According to Dr. Mires, there are only three tools available to locate clandestine burials of human bodies: Trained cadaver dogs, ground penetrating radar, and shovels. In Dr. Mires's opinion, the alert of a cadaver dog, standing alone, is not considered sufficient to show to a reasonable degree of scientific certainty that human remains are or were present at the location of the alert. After a cadaver dog alerts, digging or ground penetrating radar are used. But the fact that neither of these instruments reveals a body does not necessarily invalidate the cadaver dog's alert, because there is no chemical test yet devised that can confirm whether a body had once decomposed at a particular site. Dr. Mires is participating in the preliminary stages of scientific work to develop such a chemical test.
Dr. Mires testified that the use of cadaver dogs "in trying to determine the existence or the one-time existence of human remains at a particular location is a concept that is widely accepted in the forensic anthropology and pathology fields." Despite this reliance, a dog can falsely alert because water flowing from the site of a human cadaver may cause the dogs to alert at a place removed from the spot where a body was buried or because the dog is fatigued or because the handler misreads a dog's actions.

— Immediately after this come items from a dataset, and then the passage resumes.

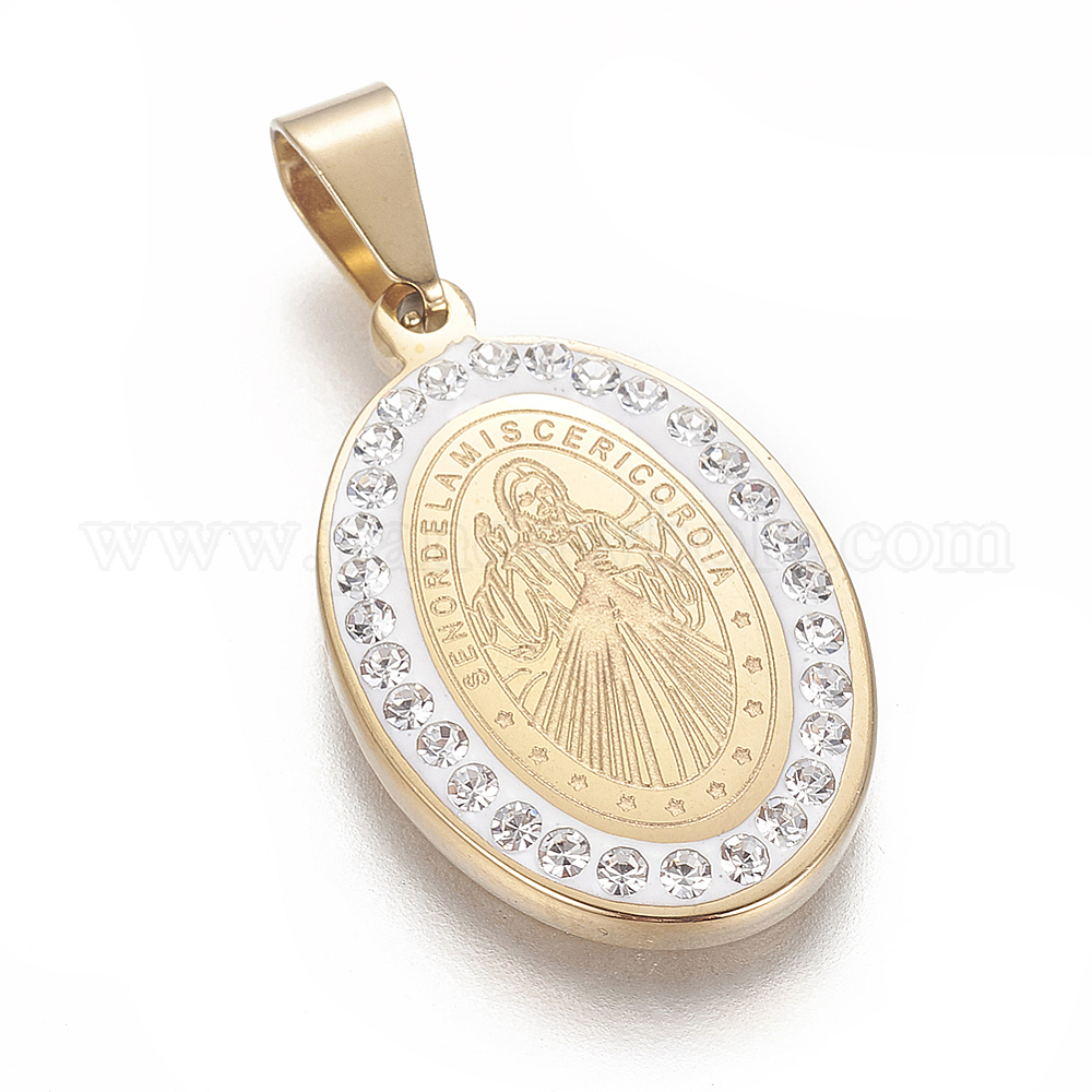 304 подвески из нержавеющей стали, с полимерной глиной горный хрусталь, овальный с Иисусом и словом сострадание Бога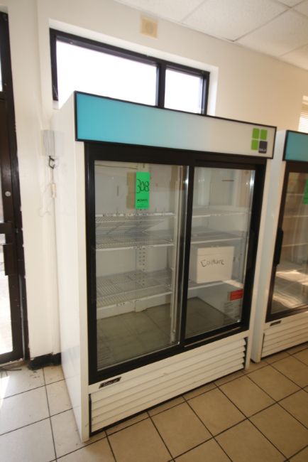{ Choice of lots: 307, 308 } Turbo Air Refrigerator, with Sliding Glass Door and Shelving, Overall Dims.: 56" L x 29" W x 78 1/2" H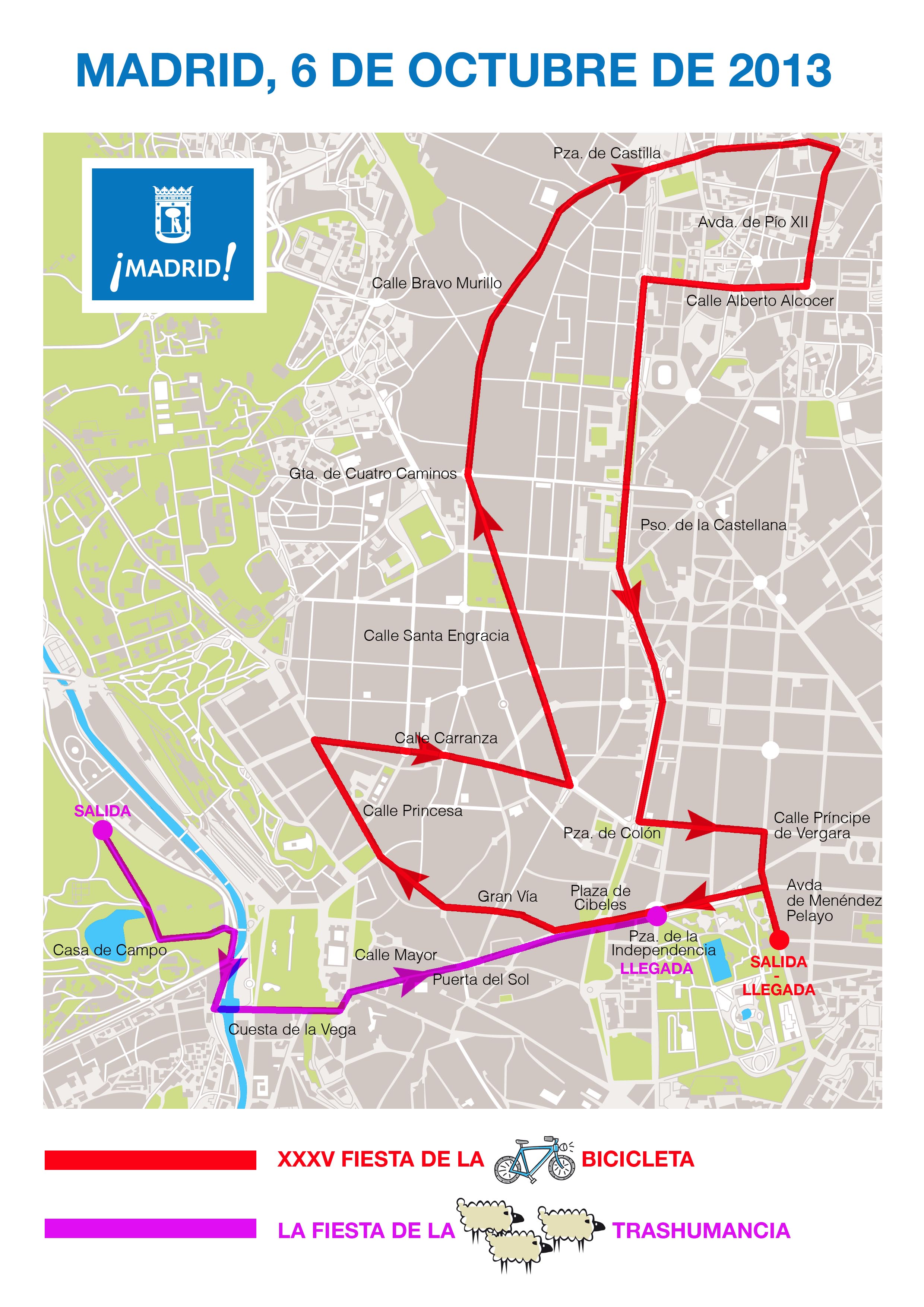 El Ayuntamiento de Madrid ha preparado un dispositivo de circulación con motivo de la celebración el próximo domingo, día 6 de octubre, entre las 9 y las 12.30 horas, de la XXXV edición de la Fiesta de la Bicicleta Villa de Madrid, con el fin de paliar la incidencia que esta tradicional cita deportiva tiene en la circulación de la capital. También ha elaborado otro plan con motivo de la celebración este mismo día, a partir de las 8 horas, de la Fiesta de la Trashumancia.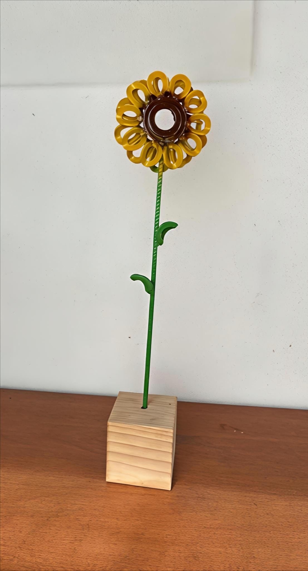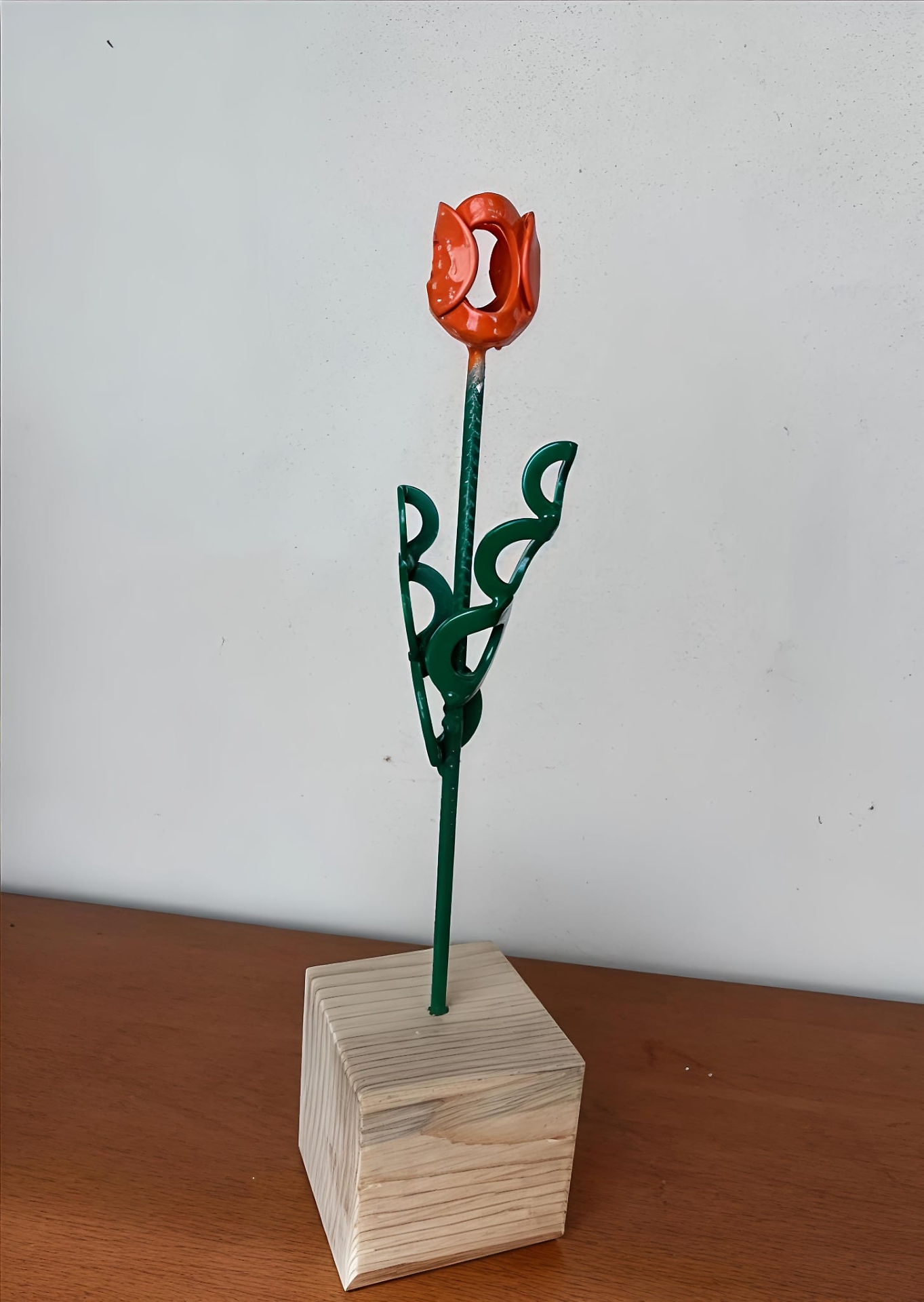 Dopo aver dato vita a un maestoso corvo imperiale e a una vivace ranocchia — realizzati con tondini, bulloni e frammenti metallici — Bertone porta ora in scena un universo più raccolto: quello dei fiori.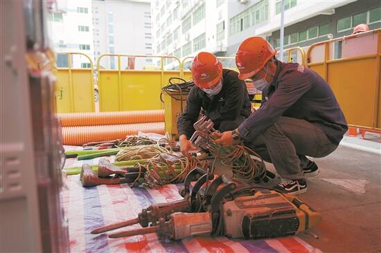 5月24日,在宝安区华丰科技园内,卷扬机轰隆隆的声音打破了往日的平静,一群穿着南方电网字样服装的工作人员正在有条不紊地开展供电改造。据悉,深圳市政府已印发了924个像华丰科技园这样需要升级改造的工业园区清单,从当日起都将陆续开工。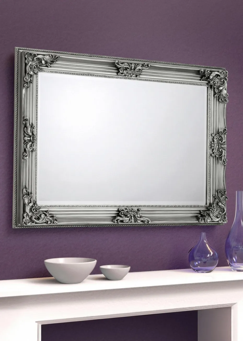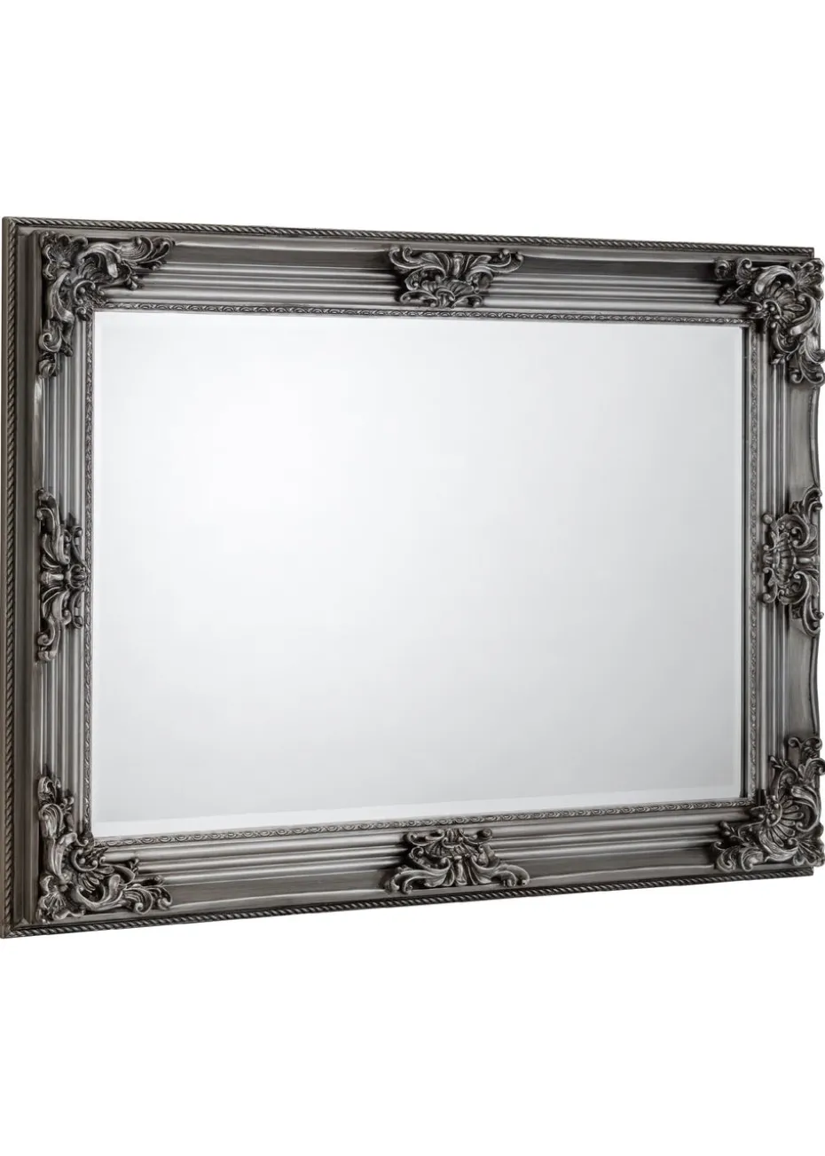 The Rococo wall hanging mirror is a contemporary take on a classic design. Featuring high quality bevelled edges with antique effect detailing in a pewter effect finish, suitable for a wide range of décor. Crafted from a hardwood frame with resin moulding, this mirror can be hung either in a landscape or portrait orientation suitable for any room.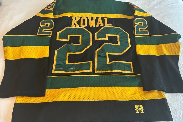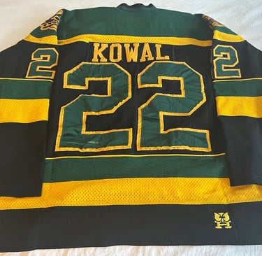 1992 - 1996 - Jack Kowal - Hooters mesh, nameplate on the back, "A" has been removed, was ironed on at some point, the WCHA logo has been embroidered and the shoulder patches arew sewn on

The trial court, however, denied the motion in limine. After Hadden was convicted, he appealed, claiming, inter alia, "that the evidence regarding the alerts by the cadaver dogs was inadmissible because 'it was unreliable' under Frye/Reed and Maryland Rule 5-702." Specifically, Hadden argued that
The process of training dogs to alert on the products of decomposition, as opposed to training them to alert on cadavers themselves, is not generally accepted within the scientific community, and accordingly, it does not meet the standard set forth in Md. Rule 5-702 or in the Frye/Reed cases. As argued supra, Dr. Mires admitted that research into this training and use of dogs is in the preliminary stages, and is not yet fully accepted. It is not sufficient to show, to a reasonable degree of scientific certainty, that human remains are or have been present. Since this technique for finding and identifying soil in which human remains were once present is not generally accepted by the scientific community, the judge erred in admitting evidence relating to it.
The Court of Special Appeals of Maryland disagreed concluding that this argument was
based on a false premise, i.e., that Dr. Mires "admitted that research into [the]...training and use of dogs is in the preliminary stages, and is not yet fully accepted." Dr. Mires never testified that research that delves into the training and use of cadaver dogs is in the preliminary stages. What was, according to her testimony, in the "preliminary stages" was her own work in attempting to discover a way of detecting fat, muscle, liquid, and other human byproducts that are deposited in the soil when a human body is decomposing. And, as already mentioned, Dr. Mires said that the use of cadaver dogs in trying to determine the existence, or the one-time existence, of human remains at a particular location is a widely accepted practice in the fields of forensic anthropology and pathology. Under these circumstances, the Frye/Reed test was met.